Dünya geneli değerlendirildiğinde, beklenin altında gelişen büyüme verileri ve beklenenden yavaş
gerçekleşen ekonomik küresel toparlanma, düşük yatırım oranları, jeopolitik sorunların yaratmış
olduğu belirsizlik ve gerginlikler, orta vadede gelişmiş ülkeleri tehdit eden hızlı yaşlanan nüfus ve
zayıf büyüme beklentileri 2014 yılının ekonomik görümü olarak özetlenebilir.
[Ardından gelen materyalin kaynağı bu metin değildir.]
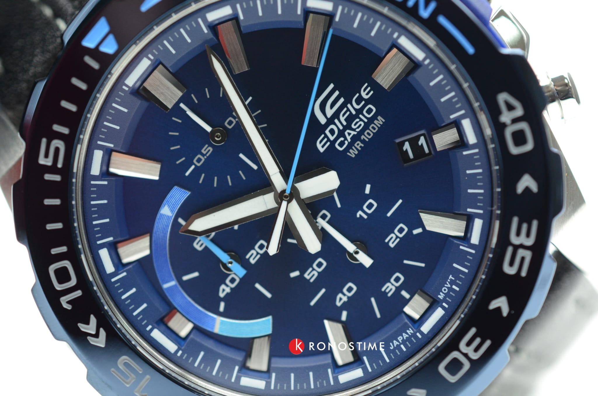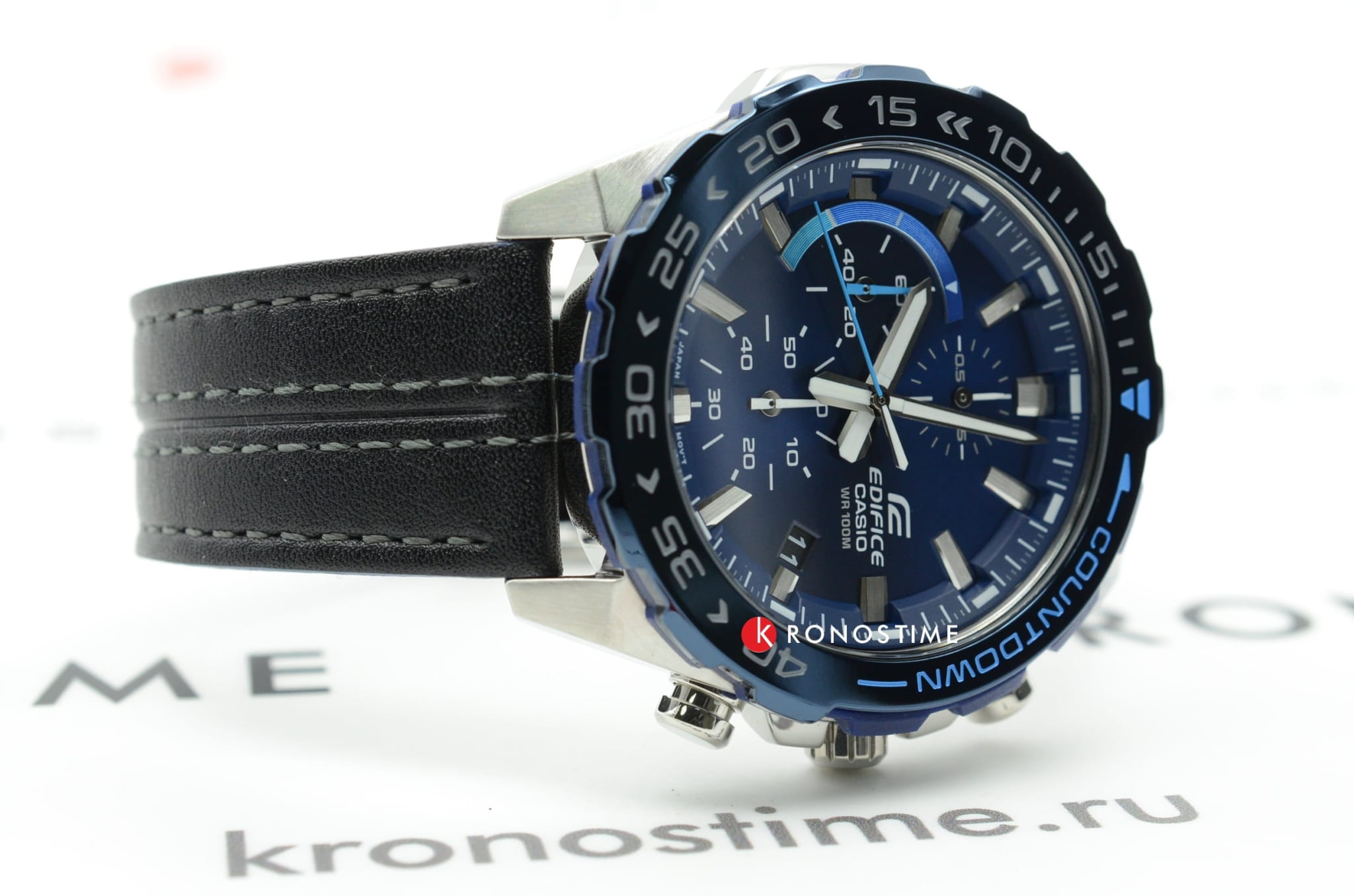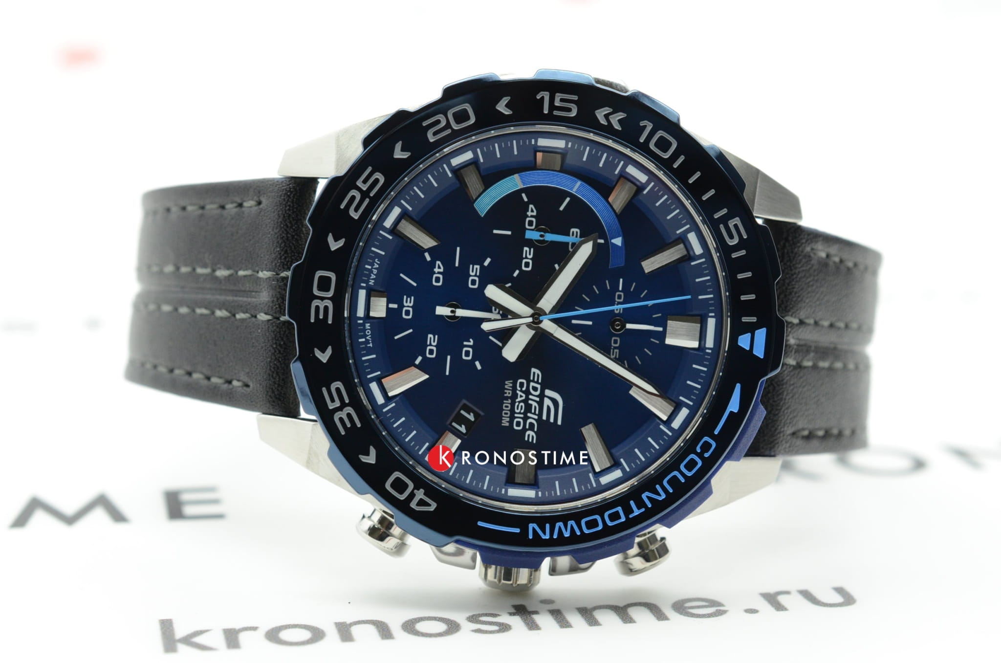 Модель отличается динамичным дизайном с уклоном в автомобильную стилистику, поклонники спортивного стиля по достоинству оценят аксессуар. Односторонне вращающийся безельБезельВнешний ободок, закрепляющий стекло. В спортивных часах так называется поворотное кольцо с делениями на циферблате, выполняет роль таймера – замеряет отрезки времени на шкале. Неподвижный безель – элемент декора. Однонаправленно вращающийся безель на дайверских часах позволяет фиксировать моменты погружения и выныривания на поверхность. имеет цветное IP-покрытиеIP-покрытиеМетод ионного напыления. Демонстрирует повышенную устойчивость к истиранию, окислению и химическим веществам. Под воздействием высокого давления и температуры около 1500°C молекулы металла надёжно соединяются с частицами корпуса часов., дополнительно защищающее от царапин. Оригинально смотрится чёрный ремешок из натуральной кожи с синими акцентами. Японский кварцевый механизм с точностью хода +/- 20 секунд в месяц. Заводная головка с защитой. Закручивающаяся задняя крышка. Водонепроницаемость 100 метров. Минеральное стекло, устойчивое к царапинам. Подсветка NeobriteПодсветка NeobriteИспользование светонакопительных составов на основе сульфида цинка или алюмината стронция, яркий свет можно наблюдать на протяжении 6-10 часов после «зарядки» часов около источника света.. Секундомер, индикация числа. Габариты: 49,3 x 43,2 x 11,7 мм.

Buna nazaran
ekonomik büyüme ve kriz sonrası ekonomik toparlanma hızlarında ayrışma devam etti. ABD ve
Çin gibi ülkelerde ekonomik büyüme ve toparlanma devam ederken, Japonya ve euro bölgesi
için kırılgan ekonomik görünüm devam etti.
Türkiye ekonomisi 2014 yılında iç
talebin canlanması ile ufak bir
büyüme yakaladı. Fakat bu büyüme
beklenin altında kaldı. Özellikle gıda
fiyatlarındaki artış ile enflasyonun
beklentilerin üzerine çıktı. Rusya ile
Avrupa arasındaki politik gerilimler
Türkiye’yi de etkiledi. Rusya’nın
Avrupa ihracatını durdurması ile
Türkiye ile dış ticaretinde artışlar gözlendi. Fakat Rusya’nın yaşanmakta olduğu ekonomik sorunlar
Türkiye için tehlike arz ediyor.
Euro bölgesinde zayıf büyüme, ABD parasal sıkılaşma politikası, Orta Doğu ve Rusya’daki
gerilimler Türkiye için kısa ve orta vadede risk yaratıyor.